EXERCISE DIRECTIONS = With the pictures omitted, transcribe each line below exactly as it is.

SOURCE RECORDS =

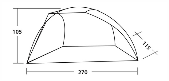 Senčnik iz enega kosa, ki zagotavlja pomembno zaščito pred soncem (UV 50), vetrom ali rahlim dežjem. Zlasti primerno za zaščito majhnih otrok. Pol-kupolast senčnik ima všito dno in torbico za transport.
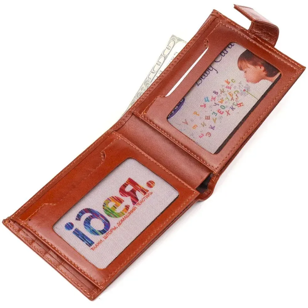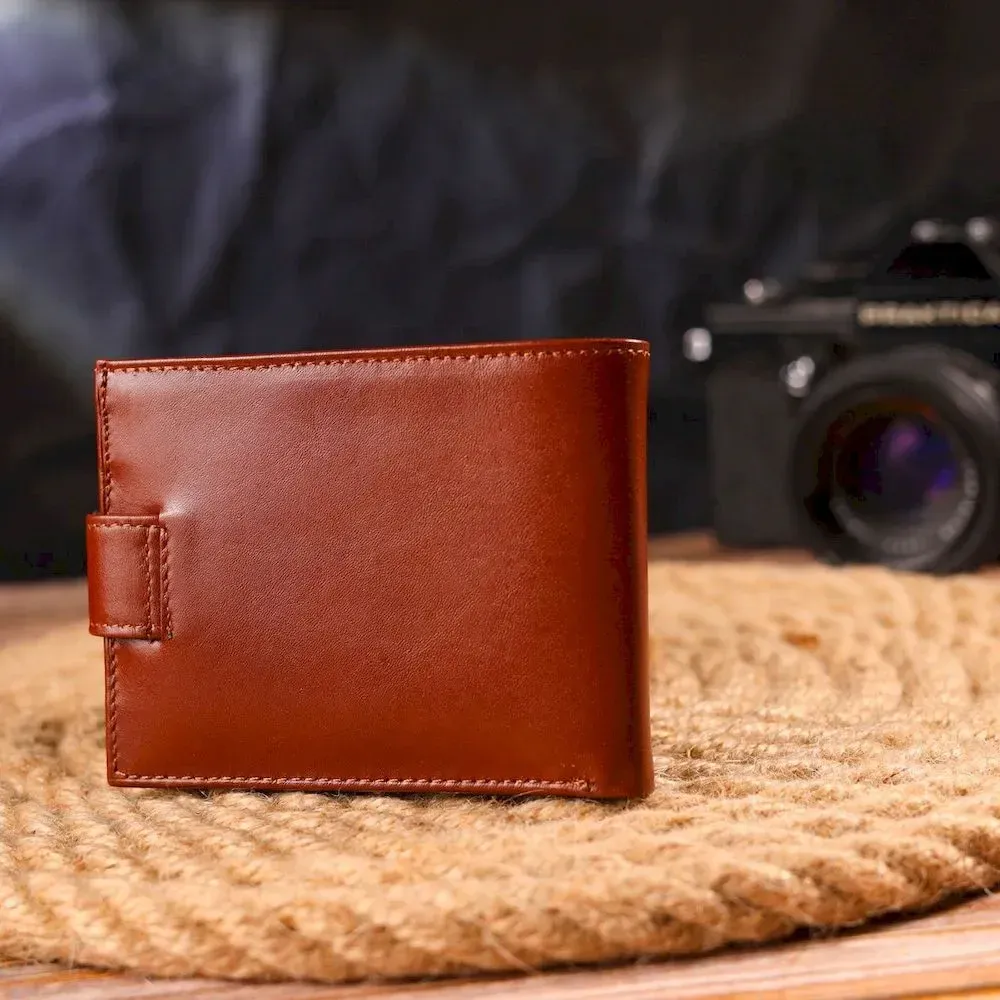 Невелике чоловіче портмоне, з натуральної гладкої шкіри. Аксесуар має одне основне відділення з перегородкою, в якому розміщуються купюри всіх номіналів, дванадцять кишень для карток, чотири з яких під сіточкою. Закривається аксесуар хлястиком на кнопку. Колір фурнітури – срібло. Ви легко зможете помістити його в кишеню штанів чи маленьку сумку. Запакований гаманець картонну коробку. Шкіряний гаманець є чудовим подарунком для рідних та близьких людей.
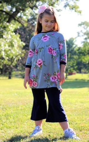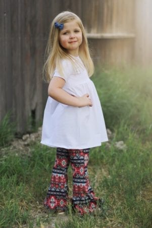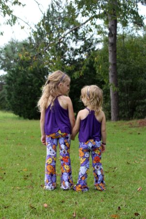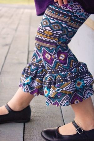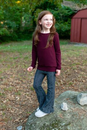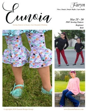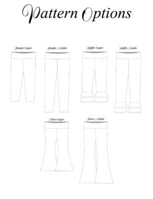 Designed to be fitted in the waist and hips, but more relaxed in the legs than most leggings, Faryn is the perfect addition to your pattern collection. Faryn comes with both simple and flare legged, both having capri and long options; and don’t forget the ruffles! Seriously a PERFECT piece for every wardrobe, a staple. Dress them up or down, not to mention, they are SO quick and easy to sew up!
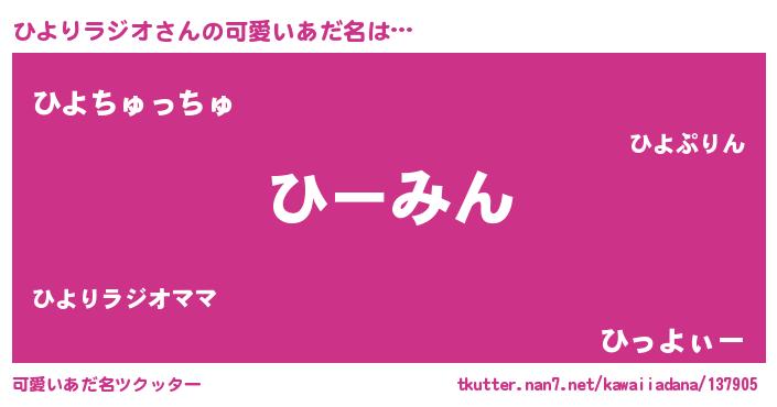 | ヘコむあだ名 | 『ひよを』『ひよりラジオ(苦笑)』 |
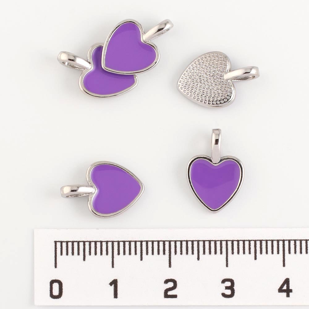 Подвеска родиевое покрытие сердечко 10 мм сиреневые в серебре 5 шт Korea
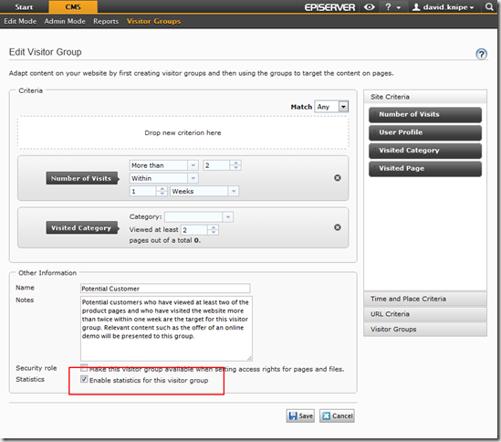 Enter the “Visitor Groups Statistics” gadget. This is a new gadget that has been added into the upcoming release of EPiServer CMS 6 R2. It allows editors to see the number of matching hits for a particular group. In order to enable the statistics for a group editors need to enable it when setting up a group by checking the “Enable statistics for this visitor group” checkbox when setting up a group:
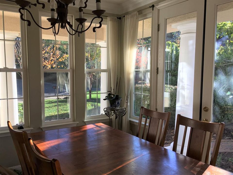 Fully furnished Fountaingrove house with privacy and views. 3 bedrooms upstairs and one office room downstairs. Charming backyard with small vineyard on the side. Hardwood floors in living area and carpeting in bedrooms. Living room with high ceiling and cozy family room; both with fireplaces. It is a move-in ready house with all linens, dishes, tools, music instrument included. Pets negotiable. Contact Jenny at show contact info for more information and to schedule showing appointments.
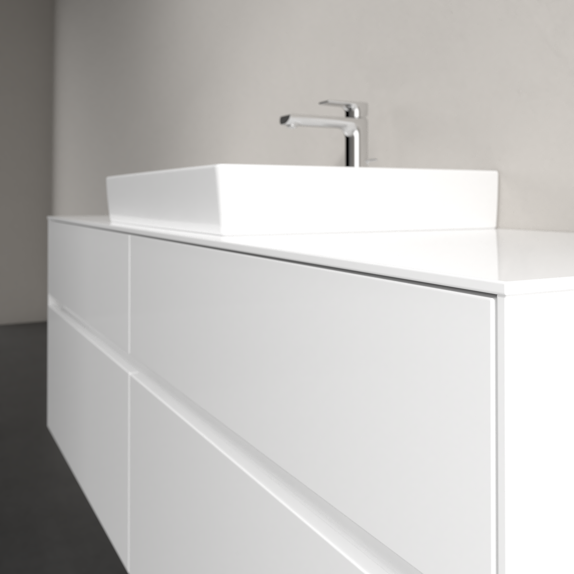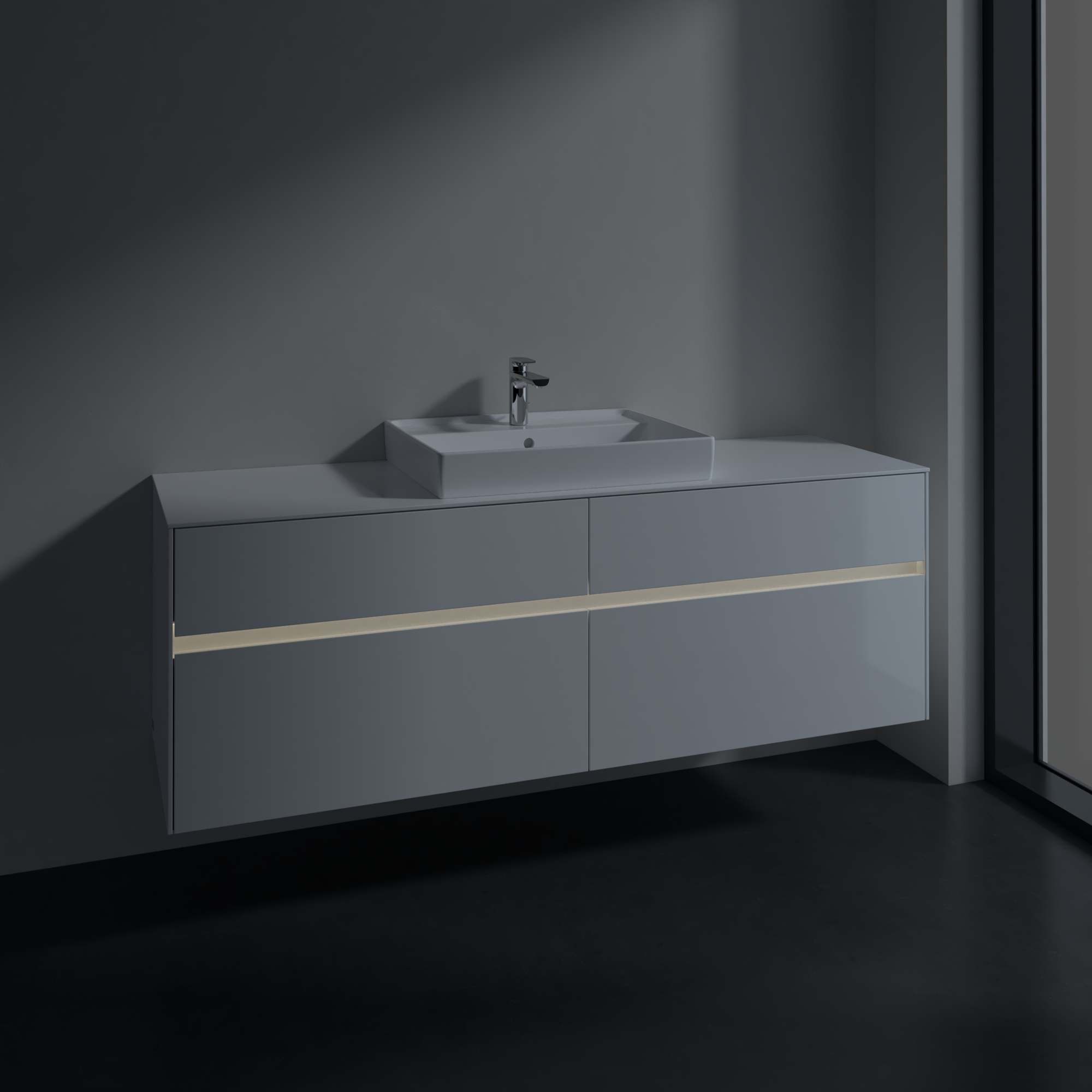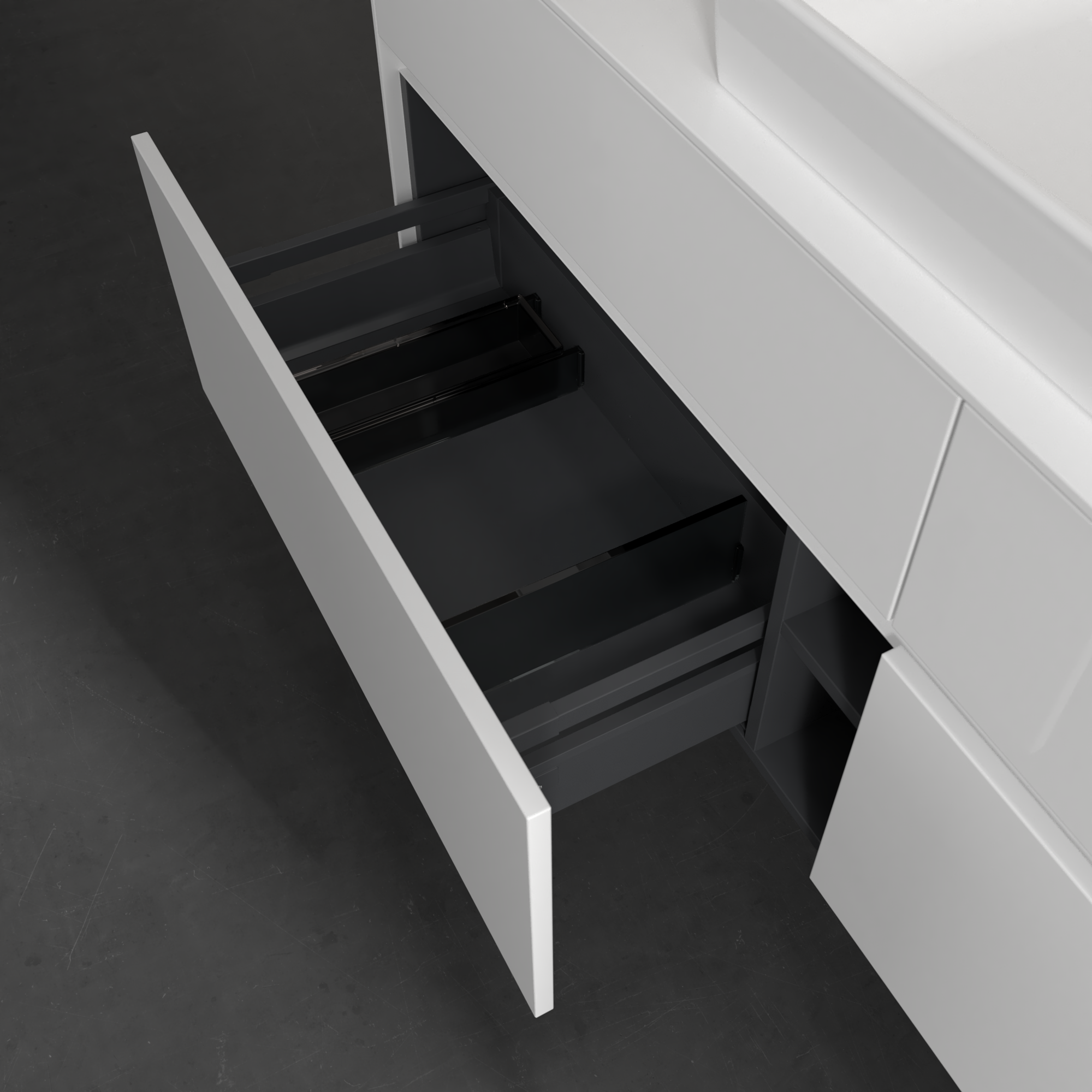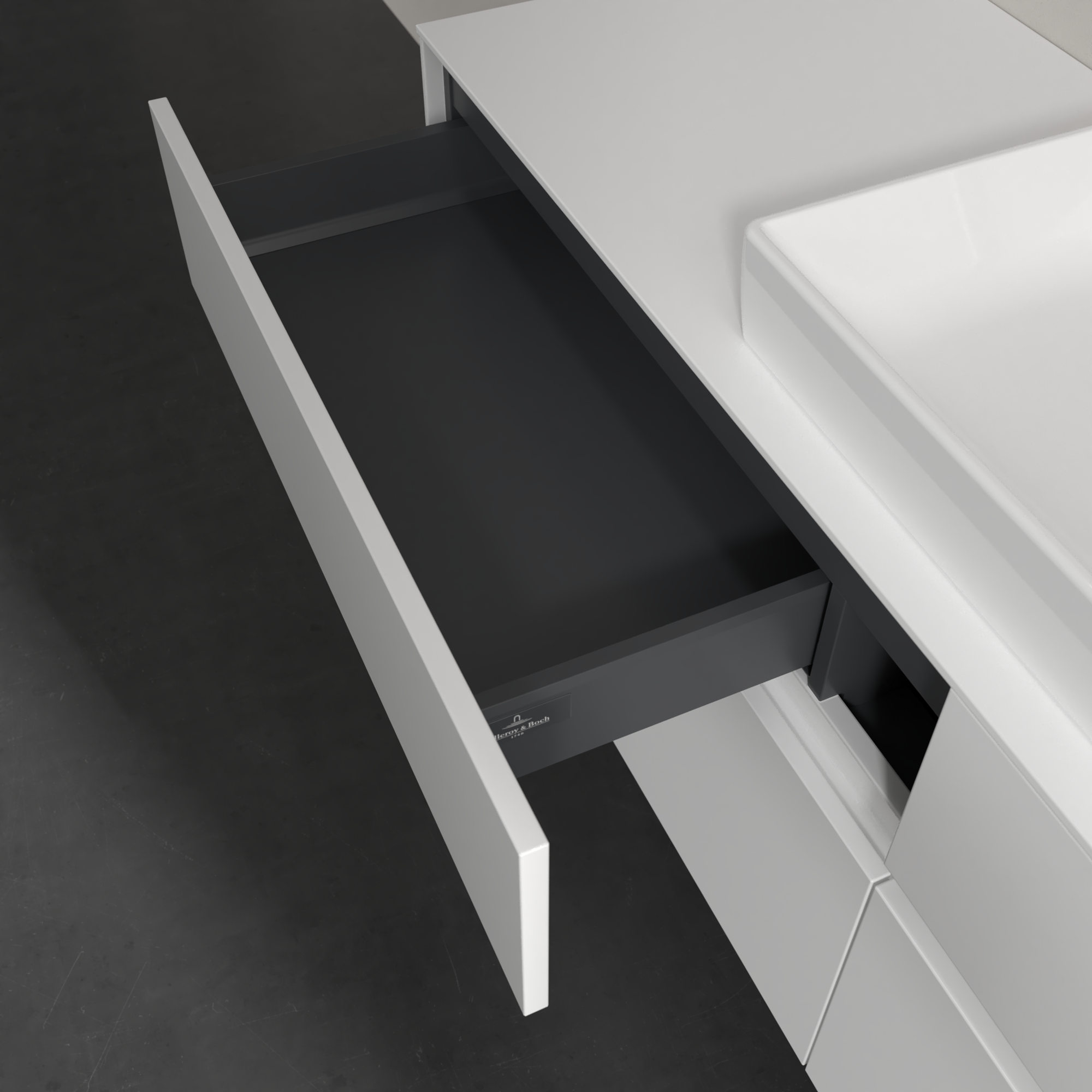 Collaro Meuble sous plan, avec éclairage, 4 tiroirs sur rails, 1600x548x500mm, Caisson: Glossy White, Façade: Glossy White

SOLUTION =
 Senčnik iz enega kosa, ki zagotavlja pomembno zaščito pred soncem (UV 50), vetrom ali rahlim dežjem. Zlasti primerno za zaščito majhnih otrok. Pol-kupolast senčnik ima všito dno in torbico za transport.
 Невелике чоловіче портмоне, з натуральної гладкої шкіри. Аксесуар має одне основне відділення з перегородкою, в якому розміщуються купюри всіх номіналів, дванадцять кишень для карток, чотири з яких під сіточкою. Закривається аксесуар хлястиком на кнопку. Колір фурнітури – срібло. Ви легко зможете помістити його в кишеню штанів чи маленьку сумку. Запакований гаманець картонну коробку. Шкіряний гаманець є чудовим подарунком для рідних та близьких людей.
 Designed to be fitted in the waist and hips, but more relaxed in the legs than most leggings, Faryn is the perfect addition to your pattern collection. Faryn comes with both simple and flare legged, both having capri and long options; and don’t forget the ruffles! Seriously a PERFECT piece for every wardrobe, a staple. Dress them up or down, not to mention, they are SO quick and easy to sew up!
 | ヘコむあだ名 | 『ひよを』『ひよりラジオ(苦笑)』 |
 Подвеска родиевое покрытие сердечко 10 мм сиреневые в серебре 5 шт Korea
 Enter the “Visitor Groups Statistics” gadget. This is a new gadget that has been added into the upcoming release of EPiServer CMS 6 R2. It allows editors to see the number of matching hits for a particular group. In order to enable the statistics for a group editors need to enable it when setting up a group by checking the “Enable statistics for this visitor group” checkbox when setting up a group:
 Fully furnished Fountaingrove house with privacy and views. 3 bedrooms upstairs and one office room downstairs. Charming backyard with small vineyard on the side. Hardwood floors in living area and carpeting in bedrooms. Living room with high ceiling and cozy family room; both with fireplaces. It is a move-in ready house with all linens, dishes, tools, music instrument included. Pets negotiable. Contact Jenny at show contact info for more information and to schedule showing appointments.
 Collaro Meuble sous plan, avec éclairage, 4 tiroirs sur rails, 1600x548x500mm, Caisson: Glossy White, Façade: Glossy White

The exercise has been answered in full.